Всюду и везде — шахматы. В модных кафе. В общественных столовых. В клубах. В пивных. В каждой квартире и в каждой комнате.

Шахматы стали сущностью жизни. Ее центром. Медики регистрировали особый вид инфекционной болезни — шахматную горячку. Ею заболевали все. Даже женщины, уже великолепно разбирающиеся в абракадабре таких несуразностей, как ферзь, слон и конь.

Даже дети. В переменах между уроками спешно расставлялись фигуры. Играли на былой уцелевшей „камчатке“. Во время уроков. Даже в уборной.

Забытая давно американская фильма „Шах и мат“ с участием Присциллы Дин была немедленно извлечена из архивов Совкино предприимчивыми кино-администраторами. В ней фигурировал шахматный автомат и она уже третью неделю не сходила с экранов пяти крупнейших в Москве кино-театров. „Шахматная горячка“, выпущенная „Русью“ в 1926 г., шла добавлением, собирая ежедневные аншлаги.

В каждом учреждении устраивались турниры. Жилтоварищества играли с жилтовариществами. Квартиры — против квартир. В каждом доме был чемпион. В каждой квартире — маэстро.

— Петр Степанович вчера на четырех досках играл…

— А вы знаете, что конь и слон матуют только в том случае, если у противника есть пешка?..

— Ласкер выиграет непременно…

— Ерунда, у автомата выиграть немыслимо.

— Немыслимо? А я бы взялся…

— Марья Петровна, хотите вперед ладью?

— Как не стыдно, когда я у вас и с ладьей не проигрываю…

— Коля, брось шахматы и иди обедать!

— Сейчас… слона в правый угол и тогда…

— Тогда я конем на h2.

— Коля!!!

— У автомата есть теперь все шансы стать чемпионом мира…

— Ха-ха-ха, механический чемпион!!!

— Если за фигуру взялся, так ею и ходи…

— Но нельзя же под пешку?

— Ну, товарищи, это не турнир, а детская игра получается…

— Пешки назад не ходят…

— Леночка, с вами немыслимо играть, вечно вы на ничью стараетесь…

— Граждане, подайте слепому шахматисту!!!

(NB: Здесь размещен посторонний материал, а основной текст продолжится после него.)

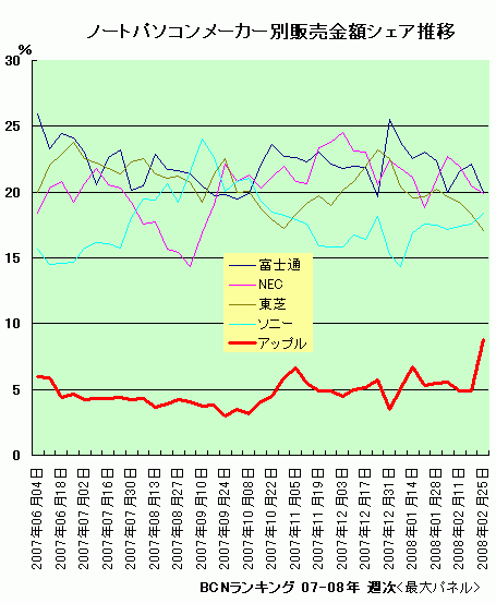 ノートパソコンは、富士通、NEC、ソニー、東芝の4社が20%前後のシェアを争う状況。アップルは7%以下で推移してきた。しかし、ここに来て8.8%と2桁に手が届く状況になっており、明らかに潮目が変わってきている。Airの品薄状態が解消されてくれば、同社のノートがさらに勢いづくことも十分ありそうだ。(BCN・道越一郎)

— Странно, слепой, а шахматист?

— Иванов, опять во-время урока играете, сколько раз вам говорил…

— Товарищ, две бутылки и доску с шахматами!!!

Такие разговоры стали обычными, как утренний стакан чаю.

Автомат доминировал в темах. О нем уже не говорили, а захлебывались. У репортеров не хватало слов для описания его побед. У зрителя останавливалось дыхание при виде козлиной бородки профессора Ястребова.

Администратор сеансов автомата гражданин Нахимсон ездил не иначе как на „такси“ и подавал всем только два пальца. С лица его уже не сходила ангельская улыбка. Да что такое ангел? Он был в миллион раз счастливее ангела. Он был богом.

Газеты писали об автомате — чудо. „Вечерка“ захлебывалась — гениально. Один только журнал „64“ иронизировал — чепуха, мистификация.

В Метрополе деятельно готовились к сеансу: автомат — Рубинштейн, Маршалл, Торре, Шпильман и Ласкер. Часы торопливо бежали к началу.

Москва бредила. Москва волновалась. Москва напряженно ждала.

8. ТРАГЕДИЯ ПРОФЕССОРА ЯСТРЕБОВА

Последний тур окончен. Взволнованная, потрясенная, точно взрывом, толпа выходящих счастливцев, на-ходу бросала еще большей толпе у входа сенсационную новость. Уже сама новость была взрывом. И гулом проносились ее раскаты по уставшим от крика ушам.

Маршалл, Торре и Шпильман — отказались!

Рубинштейн и Ласкер — проиграли!

Ласкер, великий Ласкер, непобедимый и гениальный, — проиграл!

Безумие. Паника. Растерянные козырьки кепок. Восторг. Жестикуляция. Хриплые, рычащие рты.

Ласкер проиграл!

Что же дальше?

Где истина? Где?

Люди расходились. В конце-концов — недоумение. Подавленность. Странная жалость. Обида за человека, за мозг, за гениальный человеческий мозг.

Молодежь, девушки в красных платочках, девушки стриженные в стоптанных туфельках, кожанки, серые блузы — негодовали.

Машина? Но кому нужна эта машина? Зачем? Разве искусство шахмат не прекрасно? Разве оно не доставляет творческой радости? Острого и полнокровного трепета победы?

Машина убивает его. Убивает творчество. Математика разрушает идею. Зачем?

В комнате турнирного комитета внешне спокойный и только нервно закусывающий губы „сам“ Крыленко бросал в толпу взволнованных комсомольцев свои веские, как камень, слова.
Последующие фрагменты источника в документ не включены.